Diorama almost finished. Working on lighting and sound effects at the moment. Soon new photos!


----------



## Milton Fox Racing

Is that alien wallpaper something you created? Nice details all around! 🤙


----------



## Simon68

Milton Fox Racing said:


> Is that alien wallpaper something you created? Nice details all around! 🤙


Yes, it is a kind of composite of a basic pattern, based on some existing at the time of the episode (1930's).


----------



## SJF

Very nice job! An inspired idea for a dio.


----------



## Alien

Great Diorama. I love lesser known diorama subjects. It is going to get hot in that room with all the valves/tubes.

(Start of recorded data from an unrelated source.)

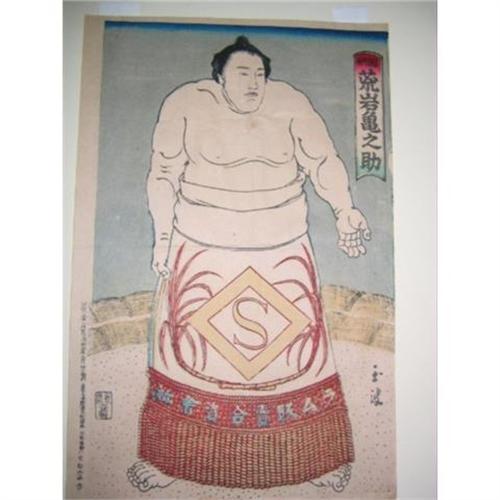 WOODBLOCKS OF WRESTLERS ARE ALWAYS COLLECTABLE . ON THE FRONT OF HIS WRAP IS THE NAME OF THE WRESTLER. IT IS IN A FORM OF A INSIGNIA, THIS PIECE IS FROM THE MEIJI PERIOD AND IS WONDERFUL CONDITION, FULL BORDERS AND COLORS ARE RICH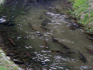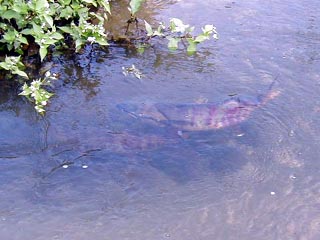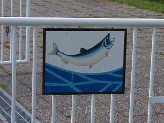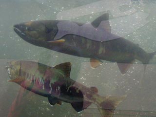 人工の水路の片側はガラス張りになっていてそこで鮭の雄姿を見ることができます。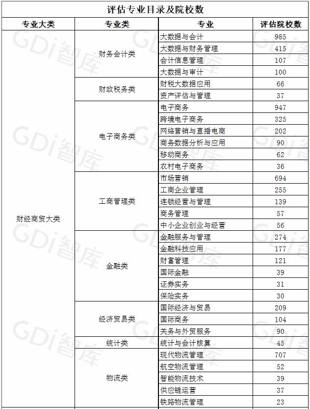 评估专业目录及院校数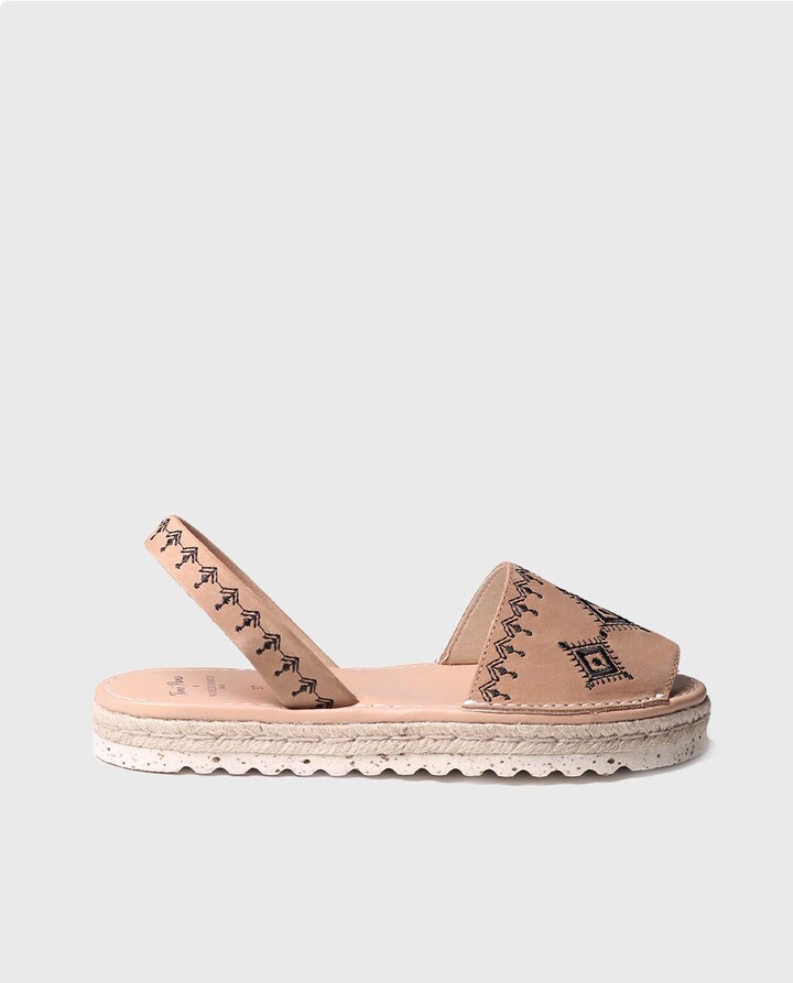 STAR. Estas alpargatas de pele para mulher fazem parte da coleção cápsula de Toni Pons & World Family Ibiza. Estão elaboradas em pele nubuck, com um bordado nativo em cor contrastante, que percorre toda a alpargata, desde a pala, até a tira posterior. A sola é plana, com uma trança de juta ao redor e tem uma altura total de 2 cm. A base da sola é de borracha antiderrapante. Este modelo calça o tamanho habitual, se estiver entre dois tamanhos recomendamos escolher o mais pequeno.

I don't want to be picky but shouldn't Mr Spock have a hat covering his ears?


----------



## StarshipClass

EXCELLENT idea for a diorama! 

Just be careful when you're hooking up the power:


----------



## Simon68

Alien said:


> Great Diorama. I love lesser known diorama subjects. It is going to get hot in that room with all the valves/tubes.
> 
> I don't want to be picky but shouldn't Mr Spock have a hat covering his ears?


Yes and no (!)
This scene, in fact, never happened, EXACTLY like this ... If you remember, and I watched this episode hundreds of times, when Spock shows the scenes to the captain, Edith never appears. I made a composite from different scenes. The initial idea it was just showing Kirk and Spock. But then I decided to include Edith Keeler. In fact, Edith's figure is not fixed and can be (re)positioned or even removed. Mr. Spock's hat it is in the extreme corner of the table (you can't see it in this photo!)


----------



## Simon68

StarshipClass said:


> EXCELLENT idea for a diorama!
> 
> Just be careful when you're hooking up the power:


Thank you!
My wish is that many other modelers, a lot more talented than me, start making their versions ... since 1993 I search the Internet for a diorama based on this scene, and I never found it ...


----------



## Simon68

SJF said:


> Very nice job! An inspired idea for a dio.


Thank you!
My wish is that many other modelers, a lot more talented than me, start making their versions ... since 1993 I search the Internet for a diorama based on this scene, and I never found it ...


----------



## Simon68

Milton Fox Racing said:


> That desk lamp seems out of scale for a hallway!
> 
> Dont rush your build on our account. We can wait. 👍


In fact you are looking at a REAL size  lamp that existis in my room ... when this photo was taken, the part
side of the diorama was not finished and you could see through the door. Now, behind that door, the diorama scene continues, with a small corridor and a staircase ... Other photos will make more sense ...


----------



## Simon68

Continuing with our diorama visiting, let's try to peek through another angle, and look towards the door where Edith comes from...


----------



## Simon68

[







in the meantime, we play with other toys  ]


----------